Rep. Maloy: Federal Agencies Need to do Less with Less
Washington, D.C.,
February 11, 2025
Rep. Maloy: I want to thank all the witnesses for being here. I know this is a big sacrifice, and it really is helpful for us. I have follow up questions for Mr. Canterbury, Mr. Gibbs and Mr. Neiman, but you can probably relax, because I have my old boss up here, and I only have five minutes to ask him questions, so I probably won't get to any of you. I may have to ask follow up questions. So, for my colleagues, you know, Eric Clark is a smart guy because he hired me right out of law school before he knew if I had passed the bar. But also, when I first interviewed, he hired somebody else, not me. He hired me the second time. So this is a really long revenge plan. I'm working on here. Now I've got him where I can ask him questions. Mr. Clark, you talked about consistency in your testimony, and some of these are projects you and I worked on together where we're working with an agency, and they make one decision, but it takes them years to make a decision. Then they roll back that decision, and it takes them years to roll back the decision. Then they change it again. And it takes some years, and you have to keep studying it. And I've sat here and listened to a lot of talk about funding being frozen and, and how that's going to impact agencies. I just wonder if you can give us a guess. How much money do you think it could have saved taxpayers in Washington County if the agencies targeted, like our friend Mr. Canterbury suggested, targeted resources on getting projects done instead of dragging their feet for years while taxpayers are paying for man hours and also analysis?
Eric Clarke: Thanks, Congresswoman. I just have to warn everybody. You never know what someone you’re going to hire is going to do to you after the fact. Easily, our county taxpayers are easily losing 2 to $5 million a year as we're trying to work through these broken processes on projects that we know need to happen that everybody agrees will eventually happen, but we just can't get them there.
Rep. Maloy: Yeah. And is it fair to say that on some of the projects we've worked on together, there may be one personality in an agency that, for ideological reasons, just disagrees with what the county is trying to do, and one person at an agency can drag their feet and slow a project down for years?
Erick Clarke: Yes.
Rep. Maloy: Okay, so I've been in a lot of hearings. I've been doing policy for a long time, and I always hear from agencies, ‘We're expected to do more with less. They want us to do more with less. We can't fill our positions. We don't have enough people.’ I'd like to see agencies do less with less. And thank you, Mr. Neiman, for reminding us that the Forest Service has a mission, and it's a very targeted mission. But what I see is them doing a lot of things that are not that mission, but they can't fill the positions that are focused on watersheds and production. And so, Eric, would you unpack for us a little bit, either with the Northern Corridor or with the habitat conservation plan, how many people at those agencies you have to work with to do something that everyone agrees is a good idea and is eventually going to happen?

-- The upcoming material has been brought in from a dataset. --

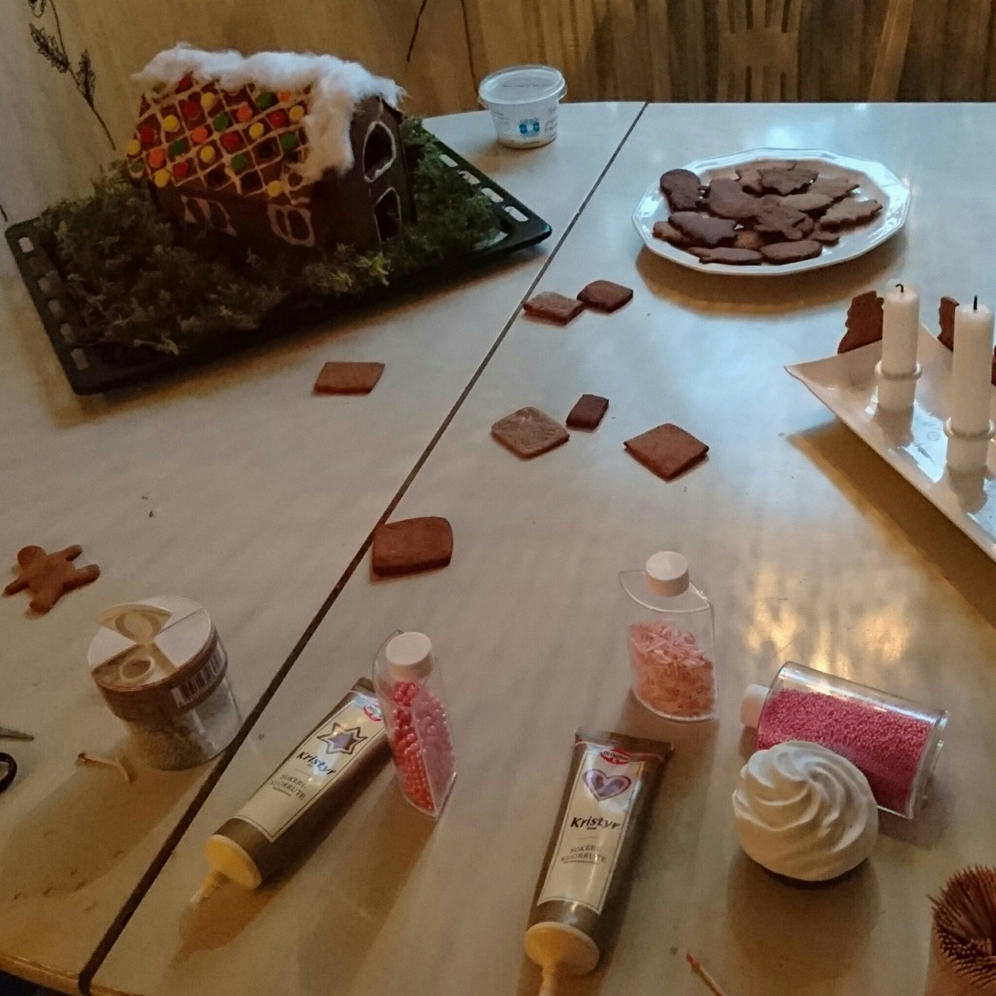 Saint Lucy’s Sunday December 15, 2015 ~ Instaology ~ 8 Comments The back of a Saint Lucy’s choir and Gingerbread House construction on the kitchen table. Ordinary day, 11 days before Christmas. Cellphone pics and half hearted edit. Like Loading...

Eric Clarke: Yeah. Thank you for that question. So those of us that are boots on the ground in these situations, we work every day with our federal partners. And they want to be our federal partners, right? These are people that are living in our communities, that are doing work that they love, that are trying to help stuff get better. And so, when we put together a land use application, we go into them and we say, hey, we need a new road. How are we going to make this a win-win, or we need a new water project, how do we do that? We're interacting with the whole team and we're doing it regularly, consistently. And we're having some back and forth and working through our disagreements and that could be a great process. It should be a great process. That's how land management should be, where the local people are coming in and talking to the federal people, and we're working through those. But then what happens is we'll get a local person to write something up on their desk, and then it goes to a desk in Salt Lake, and then it goes to a desk in Denver, and then it goes to a desk in Washington, D.C., and before it trickles back to Denver, to Salt Lake, to our desk, we've lost a year and a half and it all changes in that time. And so then the boots on the ground, great federal employees that are just wanting to get stuff done, are pulling their hair out because they're tired of us calling them and saying, why isn’t anything happening? And then it gets back to them. And it's different than the good thing that they put together and proposed to be done.
Rep. Maloy: Thank you. That's the important thing I wanted to get out of this hearing, and I'm almost out of time, so I just want to put a fine point on this, because we've had a lot of talk on both sides about federal funding. And do we need more? Do we need less? And I agree with our friend next to you that it needs to be targeted. It needs to be focused on the agency's mission. And we’re Congress, we control the purse strings. So right now, we've got an administration that's trying to show where money is being spent well, where it's not being spent well, and just remind everyone to ignore the hysteria and focus on the balance of power. We have an oversight obligation and we're doing it here. Thank you all for being part of it. And with that, I am out of time. I yield back.